Is EPO Boost a gateway drug?


----------



## stevesbike

32and3cross said:


> Is EPO Boost a gateway drug?


only if the gateway opens to Stupidville...


----------



## Alex_Simmons/RST

p23 said:


> I am not saying there is ANY substitute for hard training to be a successful athlete. Let me give you a bit more info. about me. I started triathlons in late 2008 with some success. In 2009 I had even greater success. In 2010, my numbers were a lot like 2009. After starting EPO Boost in September of 2010, there was a significant change in my racing times. My training changed, because I was able to train longer and harder. Other than EPO Boost, there were no other changes in my routine. I wouldn't waste my time, or my money, if I didn't believe in the product. You say it is a scam, but have you tried it? It is almost a year for me and I just finished a race that put my in the top 3% overall female, which qualifies me for my pro card. After buying my first road bike in june of 2008 and swimming for the 1st time soon after. I just started running in the fall of 2007. I am just trying to help the people who are on the fence about trying it. Money back guarantee, totally legal, testimonials by athletes and coaches, not sure what else could make it easier.


Anecdotes are not evidence. 

I can find testimonials for power balance bands too. Doesn't mean they work.

I also don't need to try everything under the sun to determine whether or not it warrants my attention. I don't need to smoke cigarettes to know they are bad for me. But maybe I should take smoking up just to prove it to myself?

When assessing the ergogenic properties of a supplement, nothing, I repeat nothing is better than evidence. You know, that peer reviewed (in quality journal) research which has controls and blinding with good study design. And is repeatable and we build up a body of research to show definitively that something actually works (or doesn't).

Honestly, you are training, relatively new to the sport and are wondering why you are improving and able to cope with more training? I hope you realise that the more you train, the more you can train and this especially happens to athletes in their first few years of consistent hard training. Except you ascribe that change to a supplement with no evidence of ergogenic properties.
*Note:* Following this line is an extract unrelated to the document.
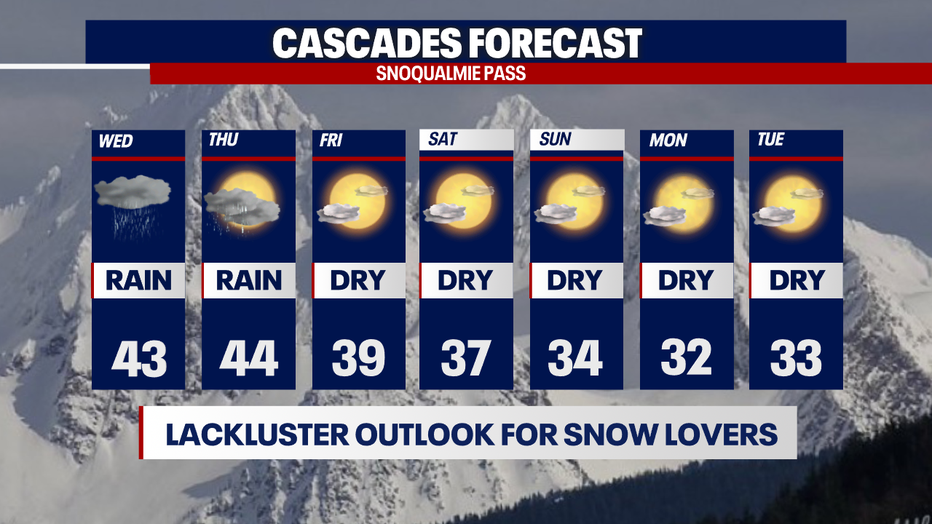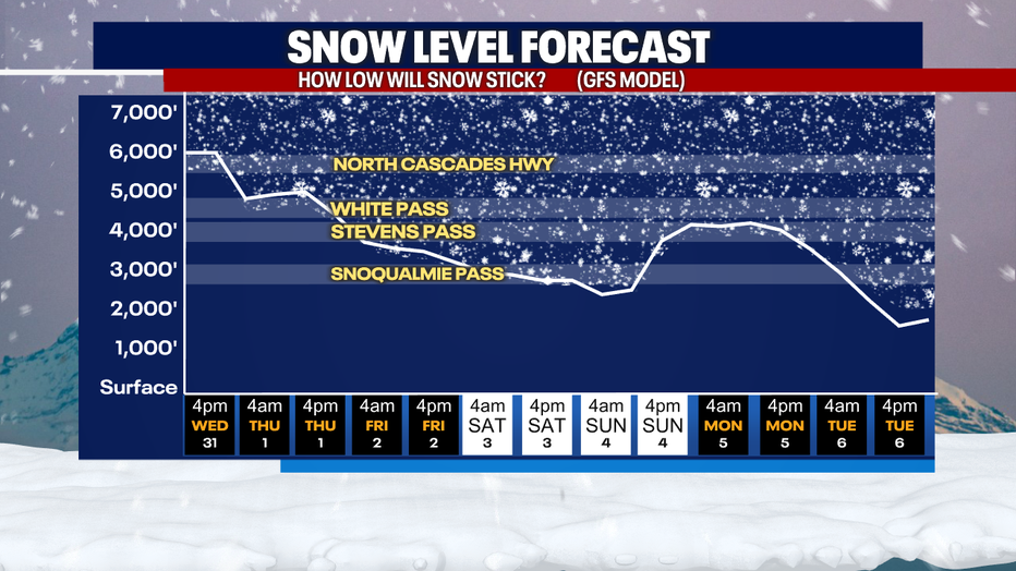 Snow levels will remain above the passes Wednesday with about .25 to .50 inches of rain expected in the Puget Sound lowlands over the next two days.

Your anecdote has been noted. Now if you have no evidence to post about the efficacy of this product, then there really isn't any more to add.

Now of course absence and evidence is not evidence of absence, however there really isn't anything in this product that you don't get by eating food, nor is there any evidence to support Echinacea as an ergogenic aid.


----------



## 32and3cross

I will reinterate what I said before I find it sad that people seem to think or seek out suppliments as a way to get better and then we wonder why there are issues with doping in pro sports. For most of us we are doing this mainly as a self challenge very few of us have what it takes to be a professional and so if thats the case why the hell would you want to wonder if the gains you were making were due to being smart and working hard or the fact that you were injesting some powder that made you better.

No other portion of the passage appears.